Creating a fingerprinter is easy:
fingerprinter = Winnow::Fingerprinter.new(noise_threshold: 10, guarantee_threshold: 18)
Then, use #fingerprints
get the fingerprints. Optionally, pass :source
(default is nil
) so that Winnow can later report which document a match is
from.
document = File.new('hamlet.txt')
fingerprints = fingerprinter.fingerprints(document.read, source: document)
#fingerprints
just returns a plain-old Ruby Hash
. The keys of the hash are
generated from substrings of the document being fingerprinted. Finding shared
substrings between documents is as simple as seeing if they share any of the
keys in their #fingerprints
hash.
To keep things easier for you, Winnow comes with a Matcher
class that will
find matches between two documents.
Here's an example that puts everything together:
require 'winnow'
str_a = <<-EOF
'Twas brillig, and the slithy toves
Did gyre and gimble in the wabe;
This is copied.
All mimsy were the borogoves,
And the mome raths outgrabe.
EOF
str_b = <<-EOF
"Beware the Jabberwock, my son!
The jaws that bite, the claws that catch!

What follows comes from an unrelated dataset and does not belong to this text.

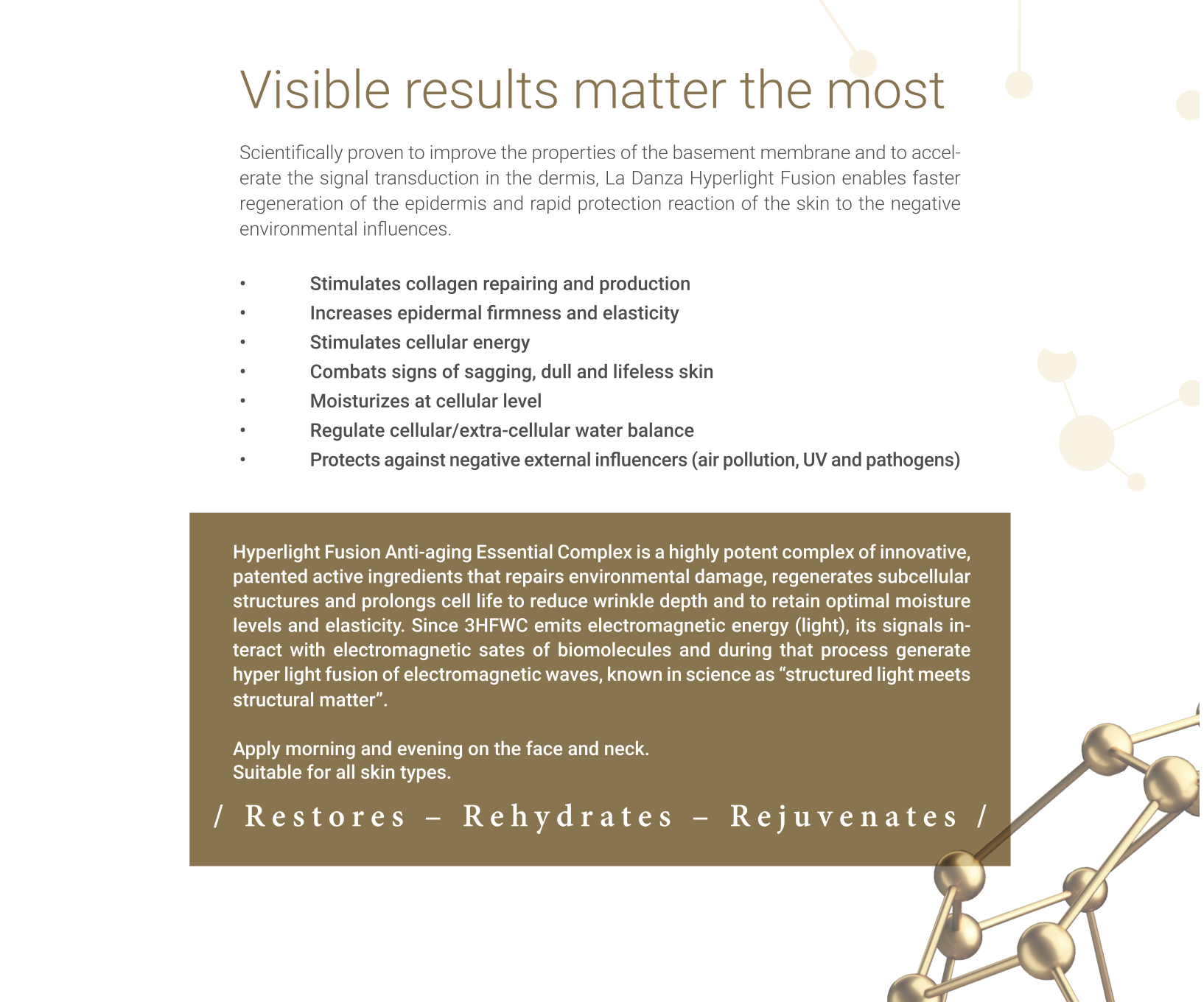 A line of innovative products and treatments with proven results, providing a new era of anti-aging treatments. The patented, unique derivative of the C60 molecule restores, rehydrates and rejuvenates the skin. The Anti-aging Essential Complex with clinically proven results is a highly effective face elixir that moisturizes at a cellular level, protects skin against external sources of damage, regenerates cellular structures, reduces redness and hyperpigmentation, reduces wrinkle depth and improves skin’s firmness and elasticity.

Beware the Jubjub bird, and shun
The frumious -- This is copied. -- Bandersnatch!"
EOF
fprinter = Winnow::Fingerprinter.new(
guarantee_threshold: 13, noise_threshold: 9)
f1 = fprinter.fingerprints(str_a, source: "Stanza 1")
f2 = fprinter.fingerprints(str_b, source: "Stanza 2")
matches = Winnow::Matcher.find_matches(f1, f2)
# Because 'This is copied' is longer than the guarantee threshold, there might
# be a couple of matches found here. For the sake of brevity, let's only look at
# the first match found.
match = matches.first
# It's possible for the same key to appear in a document multiple times (e.g. if
# 'This is copied' appears more than once). Winnow::Matcher will return all
# matches from the same key in array.
#
# In this case, we know there's only one match (because 'This is copied' appears
# only once in each document), so let's only look at the first one.
match_a = match.matches_from_a.first
match_b = match.matches_from_b.first
p match_a.index, match_b.index # 71, 125
match_context_a = str_a[match_a.index - 10 .. match_a.index + 20]
match_context_b = str_b[match_b.index - 10 .. match_b.index + 20]
# Match from Stanza 1: "e wabe;\nThis is copied.\nAll mim"
puts "Match from #{match_a.source}: #{match_context_a.inspect}"
# Match from Stanza 2: "ious -- This is copied. -- Band"
puts "Match from #{match_b.source}: #{match_context_b.inspect}"
You may find that Matcher
doesn't handle your exact use-case. That's not a
problem. The built-in matcher.rb file
is only about 10 lines of code, so you could easily make your own.
💥 💣 A major caveat with String#hash
💣 💥
In order to avoid algorithmic complexity attacks, the value returned
from Ruby's String#hash
method changes every time you restart the
interpreter:
$ irb
2.0.0p353 :001 > "hello".hash
=> 482951767139383391
2.0.0p353 :002 > exit
$ irb
2.0.0p353 :001 > "hello".hash
=> 3216751850140847920
2.0.0p353 :002 > exit
(This is the case even if you're using JRuby.)
This means that although the winnowing algorithm should allow you to precalculate a document's fingerprints and store them somewhere, doing so in Ruby will not work unless you're careful to make sure you never restart your Ruby runtime.
A workaround
Winnow looks for the presence of a String#consistent_hash
method. If it finds
one, it'll call that rather than call String#hash
. You can therefore describe
your own hash function if you want to precalculate fingerprint data.
I've put together a super-simple (but effective) gem called consistent_hash that implements exactly this. It's about a dozen lines of MRI C code and it'll probably work for you as well.